| PROBLEM |
Each line in the material below, starting at the one with "Leírás: Nagyenyed, Aiud;" and ending at the one with "Les tons chaleureux", is to be reproduced exactly; no picture is to be copied.

··· SUPPLIED RECORDS

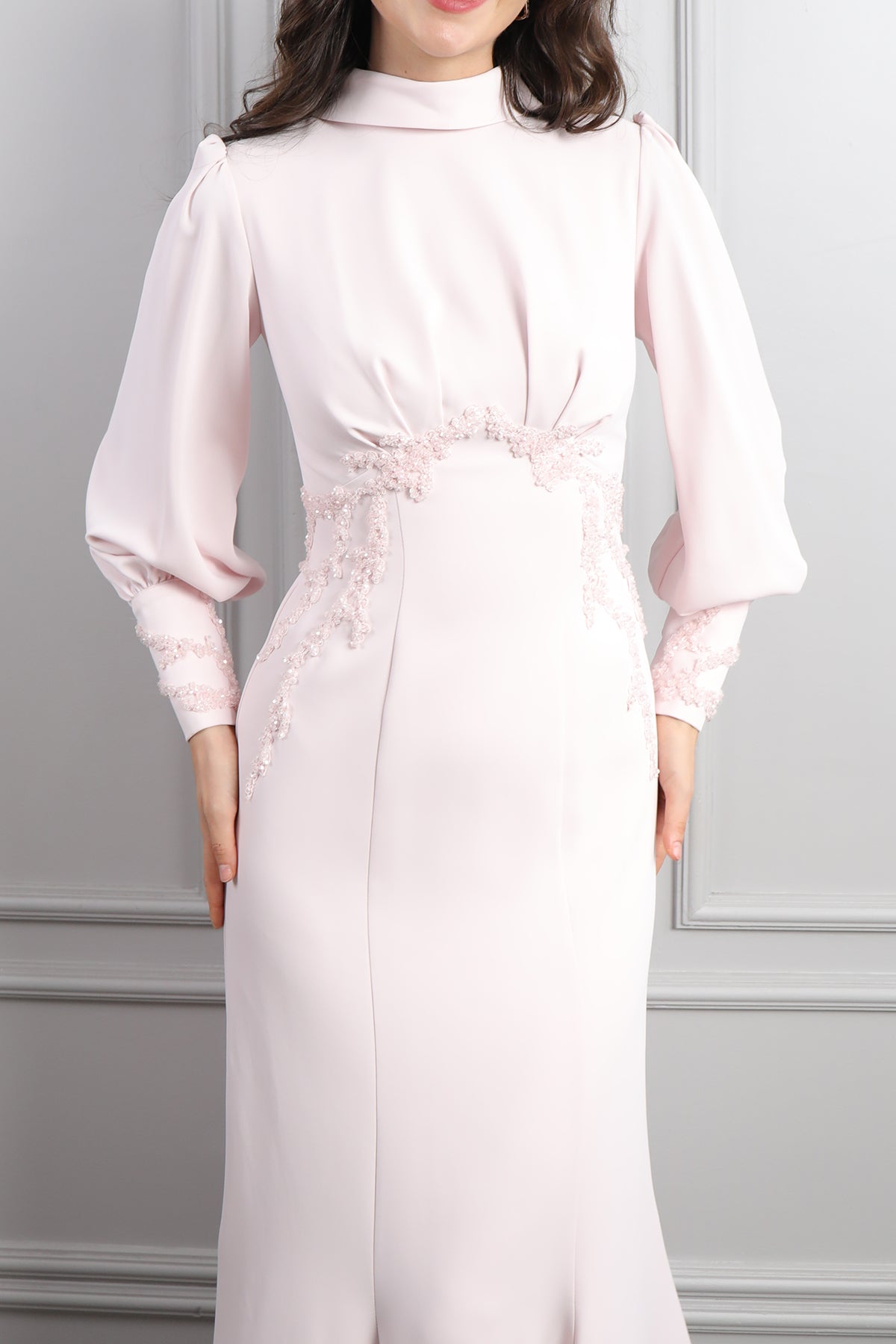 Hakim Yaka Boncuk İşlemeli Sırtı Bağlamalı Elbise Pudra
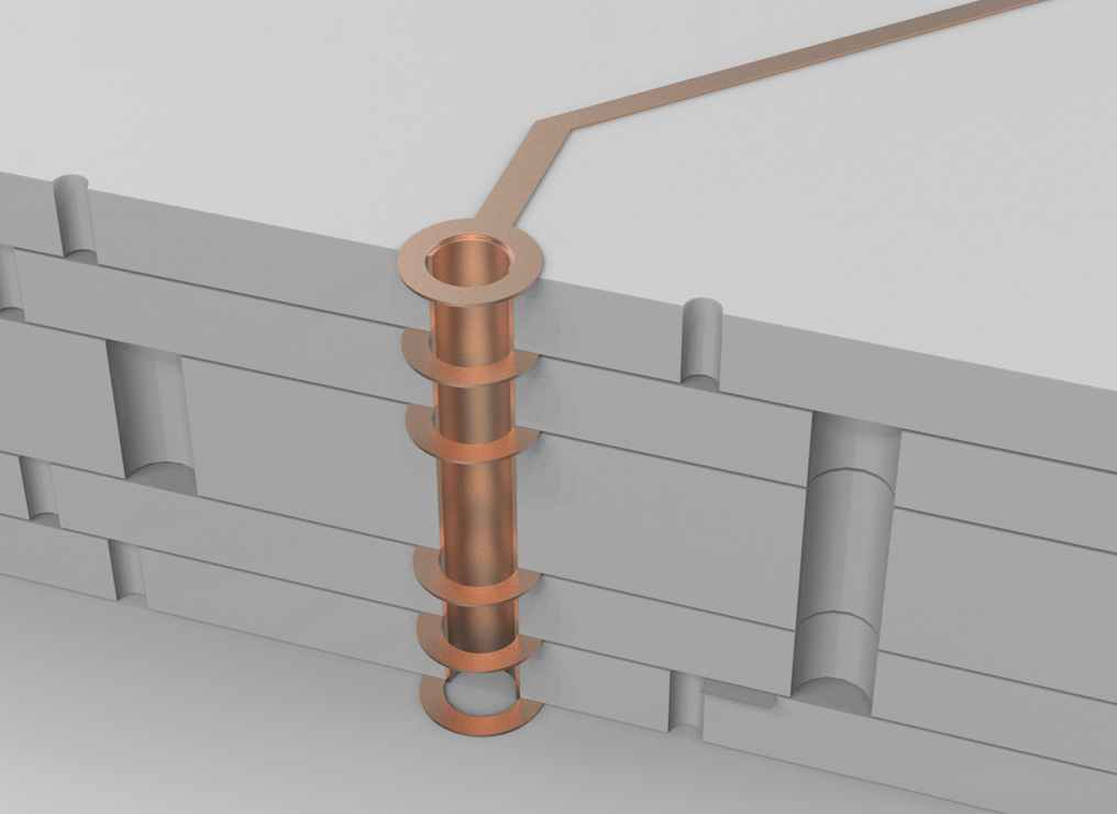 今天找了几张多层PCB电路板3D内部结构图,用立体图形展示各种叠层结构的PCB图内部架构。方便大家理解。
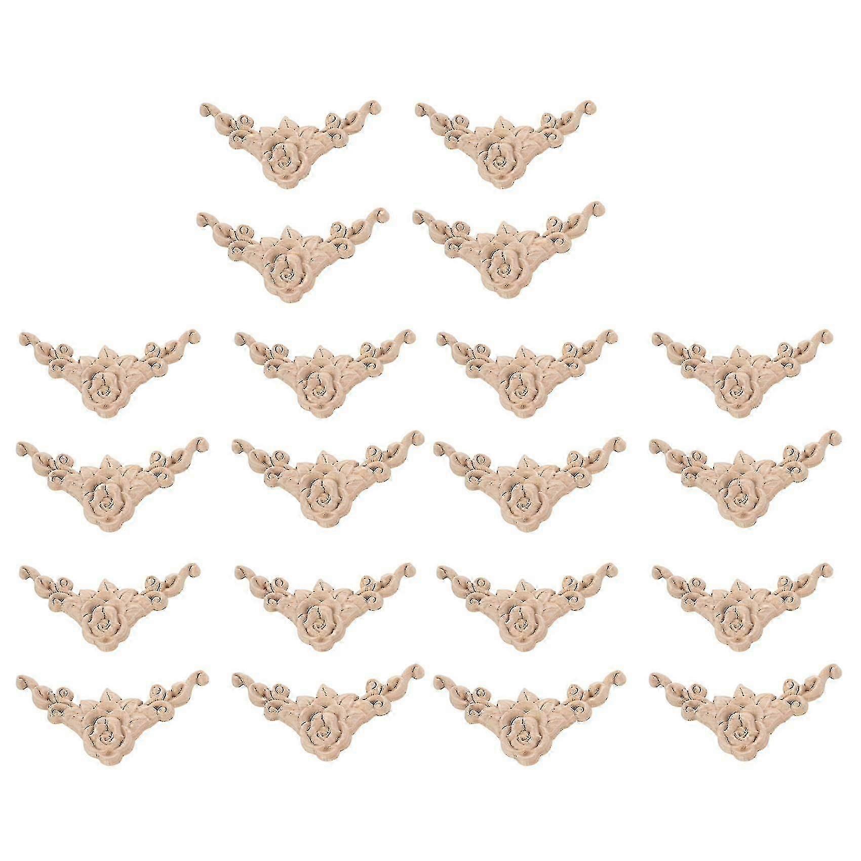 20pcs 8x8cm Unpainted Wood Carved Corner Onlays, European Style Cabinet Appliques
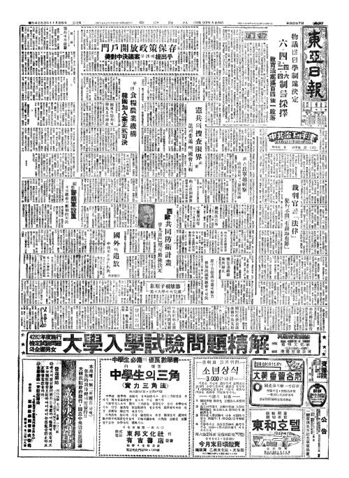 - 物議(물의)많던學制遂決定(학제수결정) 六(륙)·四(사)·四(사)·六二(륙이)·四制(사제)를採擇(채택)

······
··· SUPPLIED RECORDS

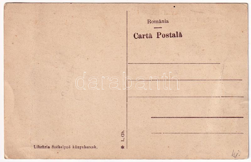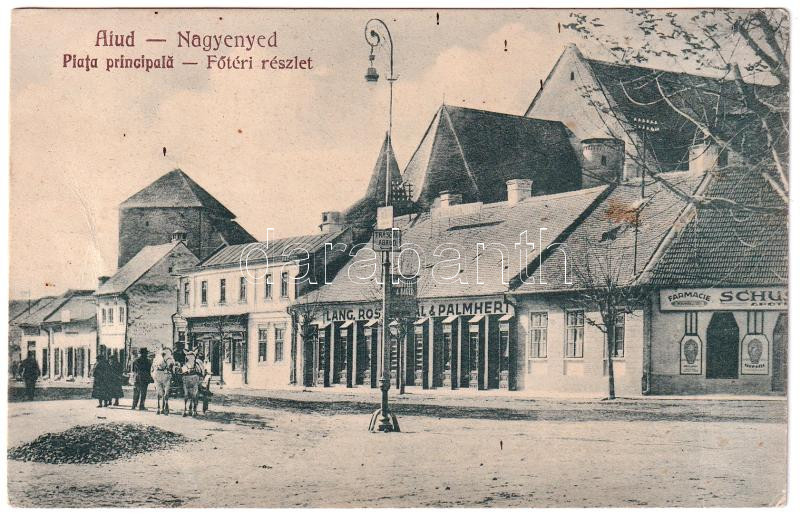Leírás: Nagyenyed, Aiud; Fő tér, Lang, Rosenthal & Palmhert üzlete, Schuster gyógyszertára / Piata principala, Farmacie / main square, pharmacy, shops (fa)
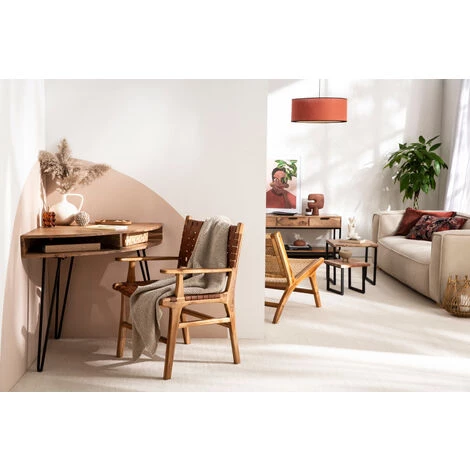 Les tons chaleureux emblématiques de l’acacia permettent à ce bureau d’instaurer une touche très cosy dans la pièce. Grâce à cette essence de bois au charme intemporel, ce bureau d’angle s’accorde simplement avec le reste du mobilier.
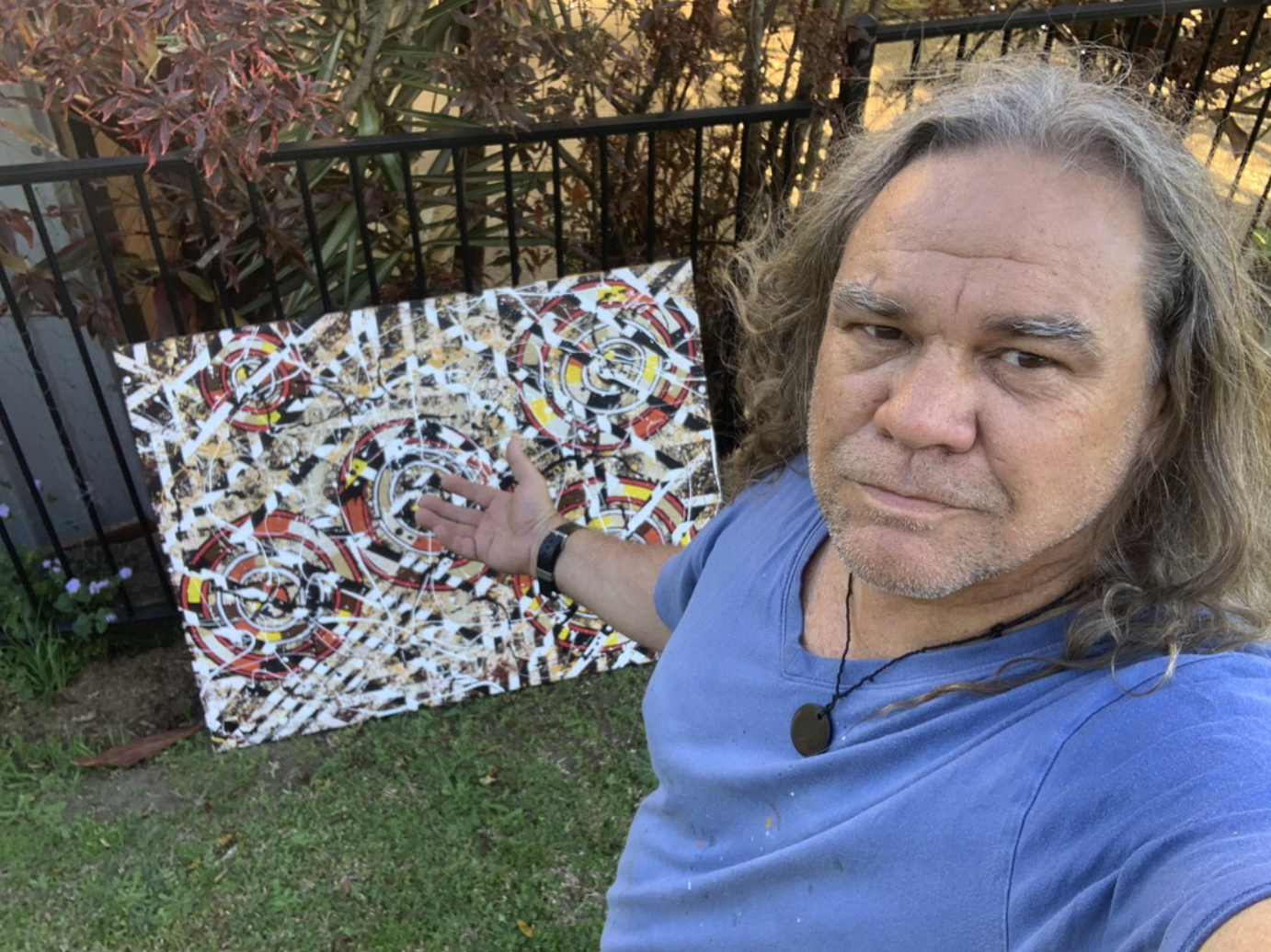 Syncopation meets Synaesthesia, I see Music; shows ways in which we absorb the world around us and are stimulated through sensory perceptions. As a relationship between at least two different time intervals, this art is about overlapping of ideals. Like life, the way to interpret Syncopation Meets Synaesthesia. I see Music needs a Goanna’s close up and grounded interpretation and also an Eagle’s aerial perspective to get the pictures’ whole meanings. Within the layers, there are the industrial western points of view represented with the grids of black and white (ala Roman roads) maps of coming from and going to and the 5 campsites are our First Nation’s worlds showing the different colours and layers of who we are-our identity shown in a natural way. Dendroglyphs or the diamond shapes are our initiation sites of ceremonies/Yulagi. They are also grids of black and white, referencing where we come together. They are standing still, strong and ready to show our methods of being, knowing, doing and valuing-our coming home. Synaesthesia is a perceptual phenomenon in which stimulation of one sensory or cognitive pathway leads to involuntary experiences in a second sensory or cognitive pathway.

······
··· SUPPLIED RECORDS

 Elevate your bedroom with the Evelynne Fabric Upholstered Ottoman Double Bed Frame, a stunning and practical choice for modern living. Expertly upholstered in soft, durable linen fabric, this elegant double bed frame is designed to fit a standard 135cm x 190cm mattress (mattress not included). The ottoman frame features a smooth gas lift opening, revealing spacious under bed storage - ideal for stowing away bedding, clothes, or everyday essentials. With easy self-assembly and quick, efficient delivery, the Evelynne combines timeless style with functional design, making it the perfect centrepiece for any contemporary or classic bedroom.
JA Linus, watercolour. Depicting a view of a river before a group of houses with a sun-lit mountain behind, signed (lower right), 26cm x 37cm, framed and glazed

······

| SOLUTION BELOW |
Leírás: Nagyenyed, Aiud; Fő tér, Lang, Rosenthal & Palmhert üzlete, Schuster gyógyszertára / Piata principala, Farmacie / main square, pharmacy, shops (fa)
 Les tons chaleureux emblématiques de l’acacia permettent à ce bureau d’instaurer une touche très cosy dans la pièce. Grâce à cette essence de bois au charme intemporel, ce bureau d’angle s’accorde simplement avec le reste du mobilier.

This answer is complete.